_Problem statement_
Of all the lines in the entries below, give again exactly those starting at the line containing "임야 소유주가 1년 전" and ending at the line containing "Luxusná súprava rollera", both ends included, and no others.

_Entries shown_
= = =
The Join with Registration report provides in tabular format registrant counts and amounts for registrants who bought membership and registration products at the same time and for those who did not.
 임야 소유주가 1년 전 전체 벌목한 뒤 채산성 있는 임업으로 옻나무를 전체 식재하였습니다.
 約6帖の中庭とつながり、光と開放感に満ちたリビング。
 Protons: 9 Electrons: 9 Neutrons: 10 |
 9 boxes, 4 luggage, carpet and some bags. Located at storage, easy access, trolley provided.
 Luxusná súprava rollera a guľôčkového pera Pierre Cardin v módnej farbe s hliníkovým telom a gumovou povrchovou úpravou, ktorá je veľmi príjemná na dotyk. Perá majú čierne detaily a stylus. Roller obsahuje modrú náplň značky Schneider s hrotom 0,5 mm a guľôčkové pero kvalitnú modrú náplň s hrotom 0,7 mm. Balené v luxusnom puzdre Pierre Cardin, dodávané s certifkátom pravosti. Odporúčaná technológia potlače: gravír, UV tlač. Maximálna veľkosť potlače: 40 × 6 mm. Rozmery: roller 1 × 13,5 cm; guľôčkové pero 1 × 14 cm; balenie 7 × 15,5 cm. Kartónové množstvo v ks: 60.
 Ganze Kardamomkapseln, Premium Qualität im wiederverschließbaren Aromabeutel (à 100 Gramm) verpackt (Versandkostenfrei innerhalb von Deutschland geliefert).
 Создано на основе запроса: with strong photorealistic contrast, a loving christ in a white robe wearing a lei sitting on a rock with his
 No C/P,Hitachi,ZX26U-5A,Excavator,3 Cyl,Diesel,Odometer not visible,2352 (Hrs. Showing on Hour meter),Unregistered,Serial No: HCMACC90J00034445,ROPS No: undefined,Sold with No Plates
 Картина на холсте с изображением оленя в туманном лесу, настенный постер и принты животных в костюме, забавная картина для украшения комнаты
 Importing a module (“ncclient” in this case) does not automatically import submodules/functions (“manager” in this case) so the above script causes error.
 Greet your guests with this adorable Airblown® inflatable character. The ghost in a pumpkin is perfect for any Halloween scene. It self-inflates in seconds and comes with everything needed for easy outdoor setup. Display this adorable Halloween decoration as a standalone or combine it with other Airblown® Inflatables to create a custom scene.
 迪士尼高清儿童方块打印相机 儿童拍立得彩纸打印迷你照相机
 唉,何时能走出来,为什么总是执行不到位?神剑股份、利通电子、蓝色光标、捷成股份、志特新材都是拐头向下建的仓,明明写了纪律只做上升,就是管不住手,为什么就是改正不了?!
= = =
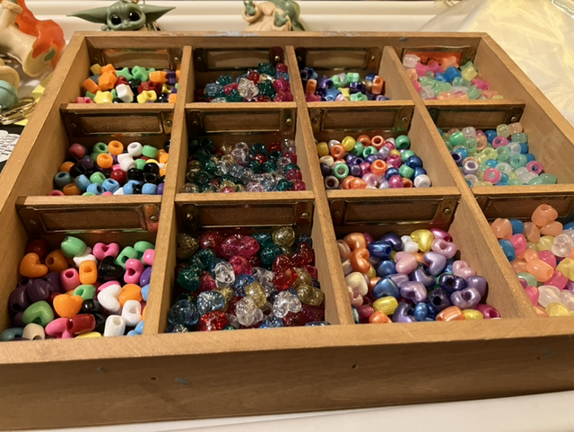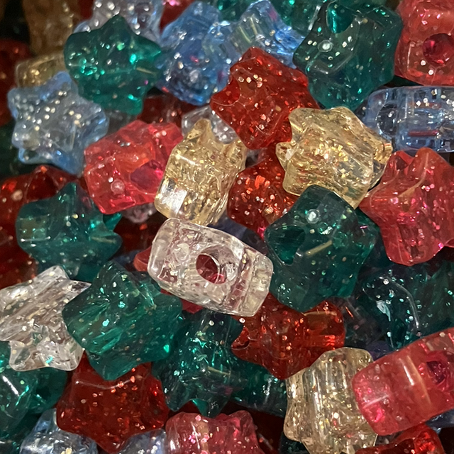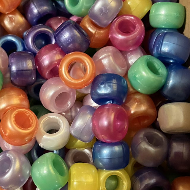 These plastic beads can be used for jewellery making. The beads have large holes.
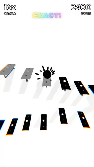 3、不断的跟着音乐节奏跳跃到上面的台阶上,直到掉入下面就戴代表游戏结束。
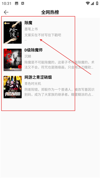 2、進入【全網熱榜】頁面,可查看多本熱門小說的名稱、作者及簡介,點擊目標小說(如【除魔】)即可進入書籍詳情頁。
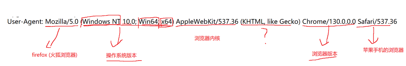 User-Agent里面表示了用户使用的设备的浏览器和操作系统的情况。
= = =
_Result for this task_
 임야 소유주가 1년 전 전체 벌목한 뒤 채산성 있는 임업으로 옻나무를 전체 식재하였습니다.
 約6帖の中庭とつながり、光と開放感に満ちたリビング。
 Protons: 9 Electrons: 9 Neutrons: 10 |
 9 boxes, 4 luggage, carpet and some bags. Located at storage, easy access, trolley provided.
 Luxusná súprava rollera a guľôčkového pera Pierre Cardin v módnej farbe s hliníkovým telom a gumovou povrchovou úpravou, ktorá je veľmi príjemná na dotyk. Perá majú čierne detaily a stylus. Roller obsahuje modrú náplň značky Schneider s hrotom 0,5 mm a guľôčkové pero kvalitnú modrú náplň s hrotom 0,7 mm. Balené v luxusnom puzdre Pierre Cardin, dodávané s certifkátom pravosti. Odporúčaná technológia potlače: gravír, UV tlač. Maximálna veľkosť potlače: 40 × 6 mm. Rozmery: roller 1 × 13,5 cm; guľôčkové pero 1 × 14 cm; balenie 7 × 15,5 cm. Kartónové množstvo v ks: 60.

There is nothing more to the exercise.